The invasion of cartilage by osteoblasts leads to an ossification commencing in the cartilage and termed endochondral, to distinguish it from that taking place under the periosteum and known as ectochondral: it is evident that ectochondral ossification, as indeed is the endochondral process really, is simply ossification in membrane occurring on cartilage.

The ossification commences constantly at one spot and at a fairly constant time in each individual bone, making a centre of ossification ; the process extends from this centre. But a bone may have more than one centre-in fact, most bones have more than one and some have several.

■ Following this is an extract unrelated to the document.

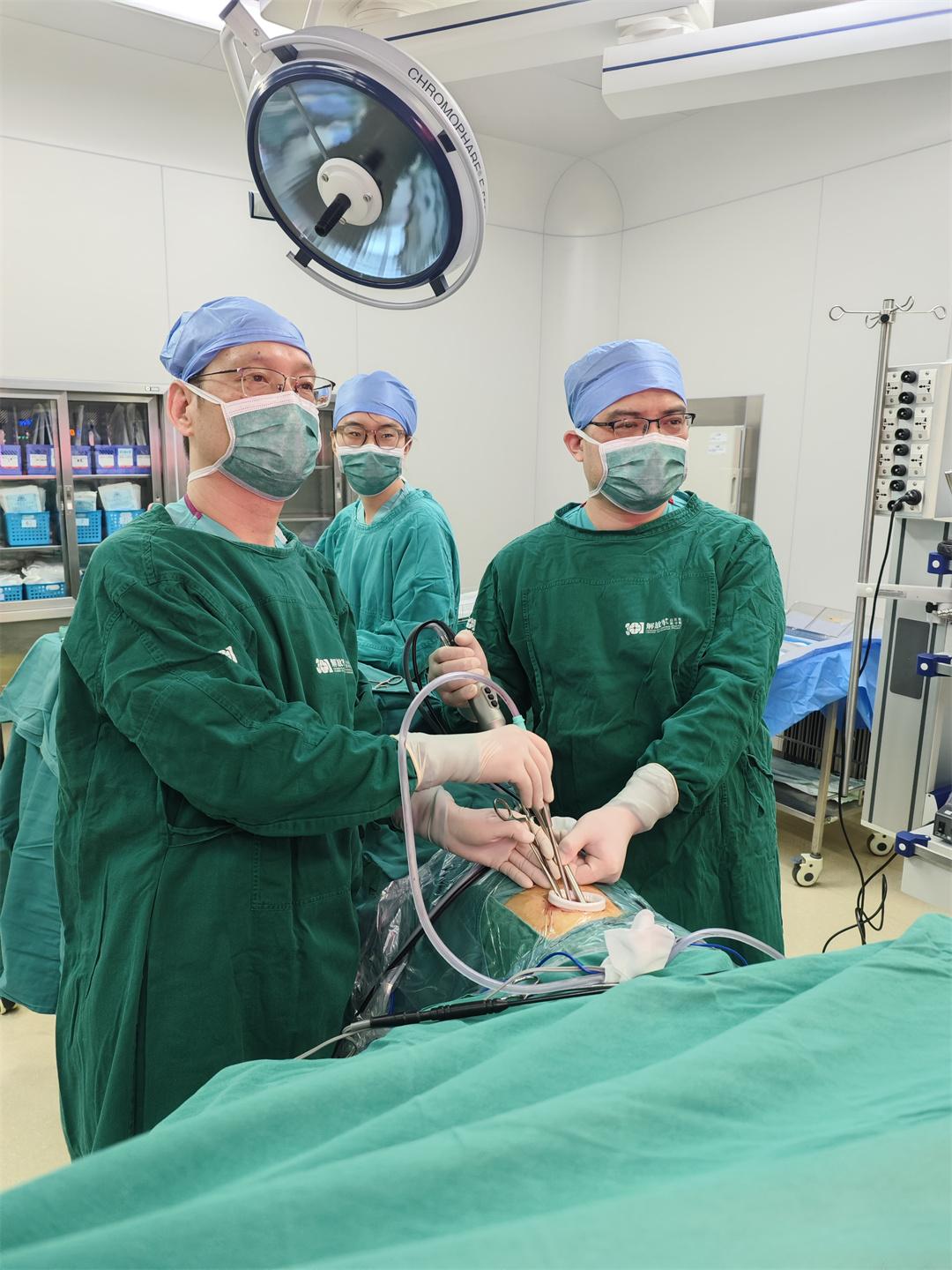 宋偉安帶領團隊反復研究胸部CT和病情資料,并與麻醉科、外科ICU等多學科協(xié)作,制定詳細的圍手術期應急預案。今年2月19日下午,手術開始。在胸腔鏡輔助下,宋偉安團隊精準操作,逐步完成開胸、剖開心包、游離神經(jīng)、分離肺動脈圓錐、阻斷肺動脈主干等關鍵步驟。經(jīng)過3個多小時努力,團隊成功切除肺門根部侵入心包的惡性腫瘤,并徹底清掃了轉移的淋巴結。

Such centres can be divided into primary and secondary, and as a rule the primary centres appear before birth and the secondary ones after that event. The smaller secondary centres form what are termed epiphyses: an epiphysis is therefore a part of a bone which is developed from a secondary centre, is at first separated from the main bone by a connecting area of unossified cartilage, and joins the main ossification at a later date to make the adult bone. Epiphyses can be seen well in a long bone : Fig. 3 shows the condition of things in the femur, where the primary centre forms the shaft of the bone, and epiphyses lie on this as bony caps joined by plates of unossified cartilage to it. Such a shaft is known as a diaphysis. Epiphyses can be classed as traction, pressure, or atavistic : in the figure the epiphyses of the head and lower end, being in the line of weight-transmission, are pressure epiphyses, while those at the muscle attachment are traction epiphyses. Atavistic epiphyses are not found on the femur, and when they occur they are supposed to represent some past condition or process of the bone which has now no apparent function in the human skeleton. It is not impossible, however, that some of the other epiphyses are modified earlier processes and have therefore certain atavistic values.

The epiphysial cartilage that lies between the bony tissue of the epiphysis and diaphysis has an important function. We have seen that the shaft increases in thickness from the deposit of bone under the periosteum, but it is clear that this cannot lengthen the shaft, and a special arrangement is necessary if growth in length is to go on except by the slow process of interstitial increase : such an arrangement is provided by the growth in depth of the epiphysial cartilages, which just keeps ahead, so to speak, of the extension of diaphysial ossification toward the end of the bone. So the bone can grow in length as long as the cartilage remains unossified, and the growth ceases when the epiphysis joins the main bone. It follows from this that growth goes on longest at the end where the epiphysis is the last to join, and such an end is termed the growing end ; in all long bones except the fibula the centre which forms the epiphysis at the growing end, and therefore joins last, is the first to appear.